- _Provided data_:
--- START ---

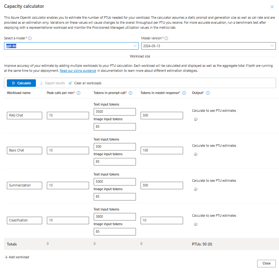 Las PTU representan una cantidad de capacidad de procesamiento de modelos. Al igual que ocurre con el equipo o las bases de datos, las diferentes cargas de trabajo o solicitudes al modelo consumirán diferentes cantidades de capacidad de procesamiento subyacente. La conversión de las necesidades de rendimiento a las PTU se puede aproximar mediante datos históricos de uso de tokens o estimaciones de formas de llamada (tokens de entrada, tokens de salida y solicitudes por minuto), como se describe en la documentación de rendimiento y latencia .
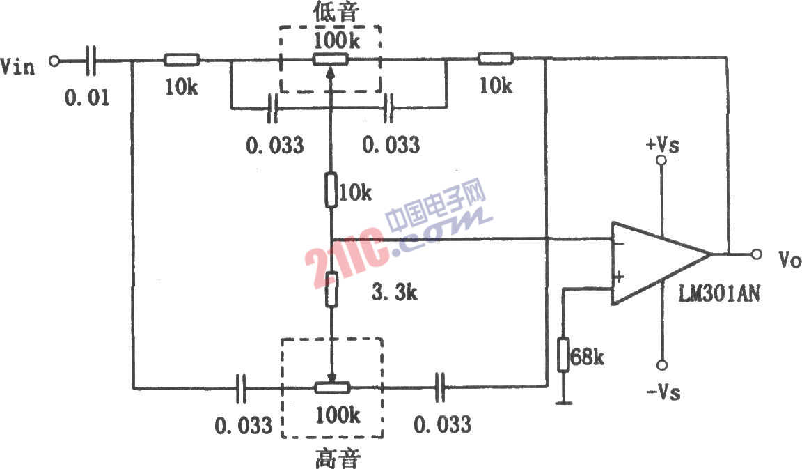 該電路采用負反饋形式來實現(xiàn)音調(diào)控制,即在負反饋環(huán)路中接RC網(wǎng)絡,電路中使用了兩個,型號為DS166,阻值為l00kΩ的電位器,分別完成高、低音調(diào)整。該電路以通用型集成運放LM301AN,組成音調(diào)控制電路。
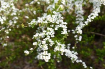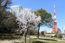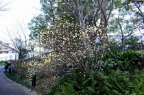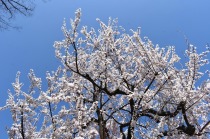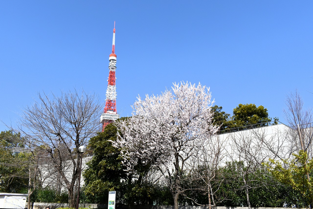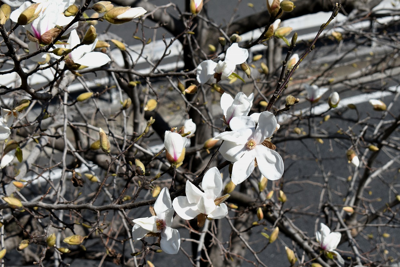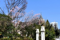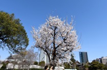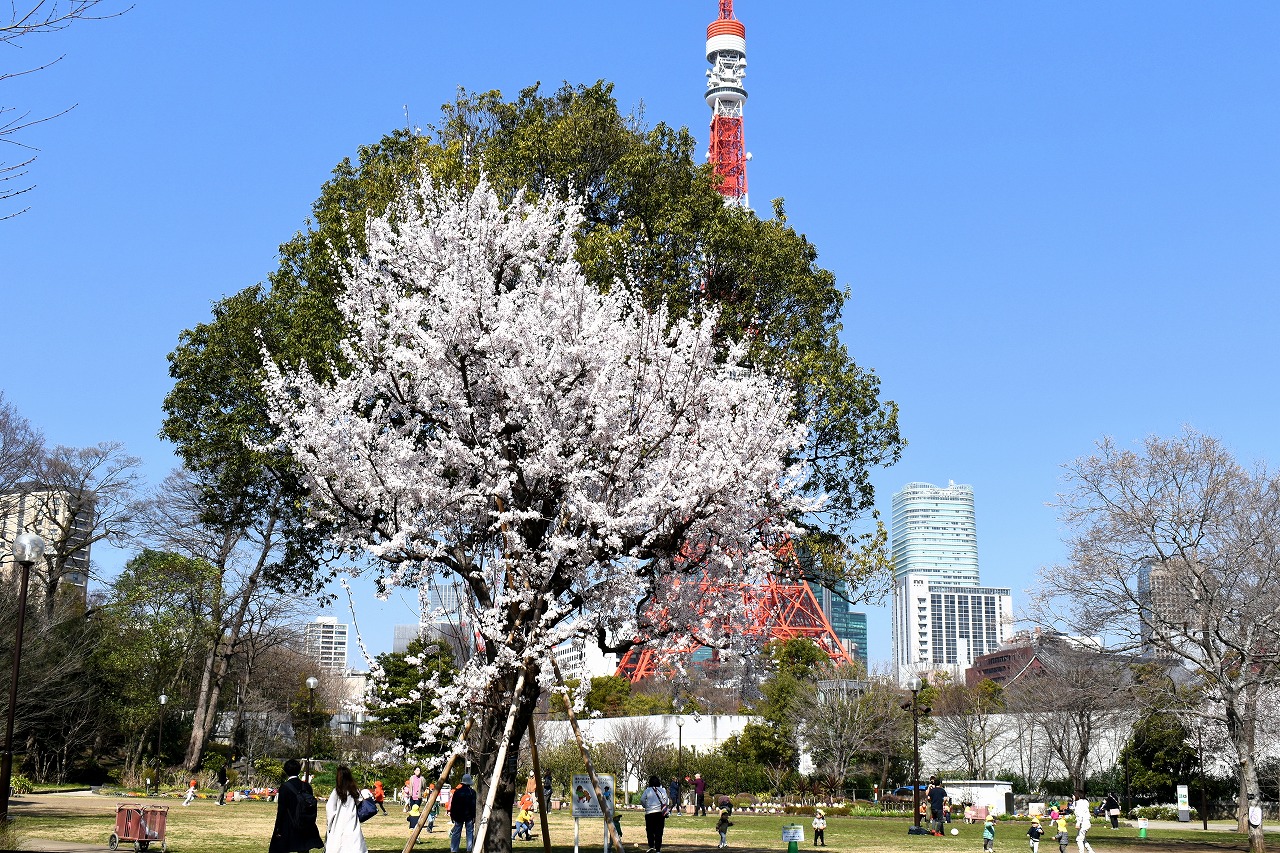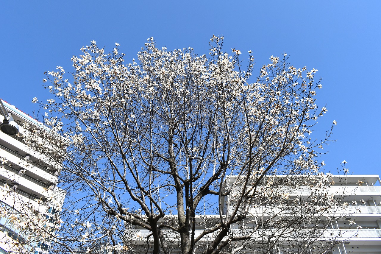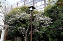 「一言」芝公園の前の通りにはコブシの大きな木に白い花がいっぱい咲いています。芝公園にはあちこちにユキヤナギが咲いています。

--- END ---

- _Try it_: Set down every line above exactly, pictures excluded.

- _Answer to this exercise_:
 Las PTU representan una cantidad de capacidad de procesamiento de modelos. Al igual que ocurre con el equipo o las bases de datos, las diferentes cargas de trabajo o solicitudes al modelo consumirán diferentes cantidades de capacidad de procesamiento subyacente. La conversión de las necesidades de rendimiento a las PTU se puede aproximar mediante datos históricos de uso de tokens o estimaciones de formas de llamada (tokens de entrada, tokens de salida y solicitudes por minuto), como se describe en la documentación de rendimiento y latencia .
 該電路采用負反饋形式來實現(xiàn)音調(diào)控制,即在負反饋環(huán)路中接RC網(wǎng)絡,電路中使用了兩個,型號為DS166,阻值為l00kΩ的電位器,分別完成高、低音調(diào)整。該電路以通用型集成運放LM301AN,組成音調(diào)控制電路。
 「一言」芝公園の前の通りにはコブシの大きな木に白い花がいっぱい咲いています。芝公園にはあちこちにユキヤナギが咲いています。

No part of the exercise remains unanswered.